The fight did not take place in the UFC Octagon.

Vadim Nemkov defended his Bellator title against Corey Anderson in the finals of light heavyweight world grand prix at Bellator 277, and while the event certainly generated more interest than your average Bellator card — helped by a controversial non-finish and the A.J. It was a rematch between McKee and Patricio Freeze in the headliner, but it seems like it was second in line to the UFC Fight Night.

In terms of star power, UFC Vegas 51 was just a shade above a Contender Series lineup outside of the main event. The co-main was fought by two debutants of the ESPN+ prospect show. Several other fights were also featured.

This upcoming weekend, Bellator hosts two events in Hawaii featuring names like Cris Cyborg, Juliana Velasquez, Kyoji Horiguchi, plus the return of Ilima-Lei Macfarlane. UFC Vegas 52, meanwhile, has a strong headliner in Amanda Lemos vs. Jessica Andrade, but is otherwise light on contender implications. This isn’t the first Fight Night event that has had fans questioning the overall quality of the product, either.

The question is how much does that matter given the power of the UFC brand and its working relationship with ESPN that requires it to churn out hours of valuable programming? Quality over quantity is the motto of the UFC, but will the fans continue to tolerate it for so long?

The MMA Fighting crew of Alexander K. Lee, Damon Martin, Steven Marrocco, and Jed Meshew discuss whether the UFC risks alienating fans with watered down events and how long its audience is going to put up with it.

Join the conversation below as we’d love to hear your thoughts.


Lee: I have a confession to make: When it comes to the UFC schedule, I’ve always been in favor of the more cards the merrier.

As someone who jumped in with both feet onto the MMA bandwagon during the 2000s glory days of Georges St-Pierre, Anderson Silva, and Brock Lesnar and then stayed hitched on as it barreled into the Ronda Rousey and Conor McGregor eras, I can appreciate that there was a time when scarcity of product helped to keep fans salivating from card to card.

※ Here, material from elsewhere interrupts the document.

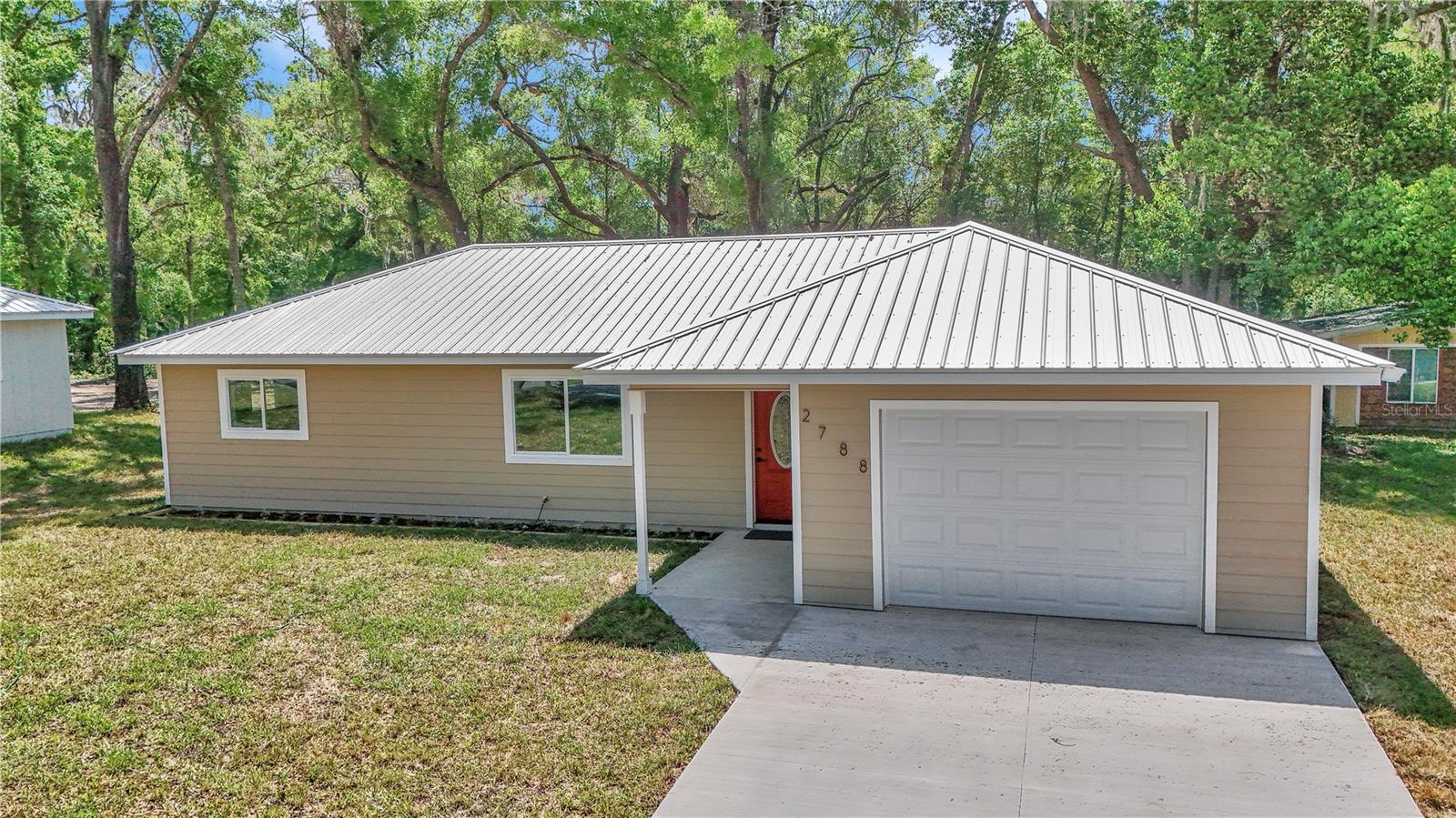 One or more photo(s) has been virtually staged. New Quality Built 3 Bedroom, 2 Bath Home W/Open Concept, Split Bedroom Plan. The Home Is Nestled On A Mature Treed 1/4 Acre Lot W/Room For A Pool Or Exterior Outbuilding. The Experienced Family-Owned Builder Only Builds A Few Homes & Takes Pride In Their Design & Work. The Home Boast Real Wood Floors, Tile Floors In Bthrms, Neutral Color Pallet, Upgraded Hardware & Light Fixtures. The Open Concept Living Area Is Light & Bright That Has French Doors That Open To A True Covered Back Porch For Extra Space For Relaxing Or Entertaining. The Kitchen Has Solid Wood Cabinets, Granite Countertops & A Breakfast Bar. Great Memories Will Be Made In This Ample Sized Kitchen. Dining Area Off Kitchen Incorporates Glass French Doors W/Internal Blinds. The Living Area Will Definitely Hold A Large TV If That's A Feature Your Looking For. The Primary Bedroom Host a Walk In Closet, Ensuite W/Tiled Walk Up Shower. A Nice Feature Of The Primary Bedrm, Is The Glass Door That Leads Out To The Covered Patio. The Relaxed Feel Of The Home Is Seen When You Drive Up W/The Ship Lack Style Exterior & Galvalume Metal Roof. The Home Builder Made Sure That The Home Is Energy Efficient W/R-19 Insulation in The Walls, R-30 Cathedral Ceiling, Energy Star Windows, Protective Water Barrier on Exterior Walls & Siding is LP Smart Siding w/a 50 Year Warranty. The Area Around The Home Has A Laid Back Feel, Lake Russeau Access That Joins The Withlacoochee River Both Known For Bass Fishing, Kayaking, Boating. Even Take A Boat Ride Up To Rainbow River That Stays 72 degrees Year-Round. Area Has Walking/Biking Trails On The Rainbow, Withlacoochee River Plus The Trails Lead All The Way To Tampa. Convenience To Downtown Historic Dunnellon, Shopping, Doctors Is Only 7 Minute Drive. Easy Access To Crystal River or Inverness Is 20 Minutes Away & Tampa, Orlando Are Convenient To Access Less Than 2 Hour Drive. This Home Is New And Ready To Welcome You & Yours.
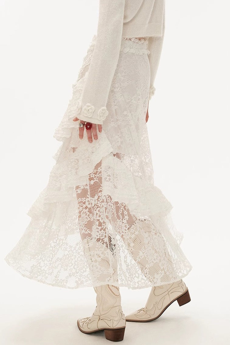 • Clothing Type: A-line Skirt • Length: Midi • Composition: Polyester • Details: Hollow-out

But I also read the tea leaves and could see that the UFC’s plan for world domination wasn’t just lip service. With demand rising steadily, it was easy to predict that UFC events could go from special occasions that you’d plan gatherings around to throw-away Saturday afternoon affairs that you’d catch while flipping channels. And once networks like FOX and ESPN entered the picture, the UFC realized it could have its cake and eat it too with pay-per-view revenue on top of lucrative TV deals.

Guess what? It’s fine.

It might seem like defeatism, as we see more UFC cards that are not very descriptive. But I view it more as accepting what is and being hopeful for the future. Fight Night events aren’t meant to be killer from top to bottom, there’s going to be lots of filler in there and the average fan has the luxury of ignoring it if they choose to do so. Dana White has been saying for years that if you don’t like what his promotion is selling then don’t watch it (this seems like the opposite of promotion to me, but that’s a whole other discussion) and that statement has never had more utility.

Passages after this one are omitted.